EGA: Adapting Frozen Encoders for Vector Search with Bounded Out-of-Distribution Degradation
This work addresses the critical problem of out-of-distribution degradation in vector search systems for practitioners deploying frozen encoders, offering a principled solution that maintains performance on seen classes while preserving unseen-class accuracy.
EGA introduces a residual adapter for frozen vision encoders that prevents performance collapse on unseen classes during vector search, achieving 96.5% gradient-free triplets at convergence and the highest worst-case Label Precision on four out of five OOD benchmarks, with over 40-point improvement over baselines.

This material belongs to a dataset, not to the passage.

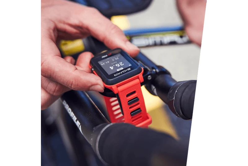 | NAVEGACIÓN KOMOOT ¡Saber siempre por donde ir! Junto con la app komoot, el iD.TRI te ayuda también en la navegación de tus rutas planeadas. Los avisos de giro se muestran directamente en el iD.TRI y la luz inteligente también te alerta de ellos. De esta manera, tu smartphone puede quedarse en el bolsillo mientras tu te focalizas en tu objetivo. | NAVEGACIÓN CON TRACKS ¡El iD.TRI te muestra siempre por dónde ir! Crea un track, cárgalo en el reloj y comienza la aventura. Carga tus rutas mediante el DATA CENTER o la aplicación SIGMA LINK en el iD.TRI. Además puedes marcarte en tu trayecto los PDIs que quieras y aparecerán como alertas en pantalla. |

Vector search systems built on frozen vision encoders face queries from unseen classes at deployment, yet existing adapter training collapses under this shift: high-capacity adapters with global contrastive losses silently reassign unseen-class samples to wrong seen-class clusters, dropping worst-case Label Precision by over 40 points below the frozen baseline in our tests. We propose Euclidean Geodesic Alignment (EGA), a residual adapter that couples three principles: zero initialization, local triplet loss, and hypersphere projection. These collectively induce a self-limiting dynamic: triplets that already satisfy a small margin stop producing gradients, so the adapter automatically stops updating where the local geometry is already correct. Our experiments show that at convergence $96.5\%$ of triplets are gradient-free, leaving unseen-class regions largely untouched while still enabling full-capacity refinement of seen classes. Across five diverse out-of-distribution (OOD) benchmarks, EGA achieves the highest worst-case Label Precision on the four primary splits and a consistent improvement on the fifth. The design also transfers to stronger backbones in addition to CLIP, and we provide an analytical justification linking gradient sparsity to bounded OOD perturbation.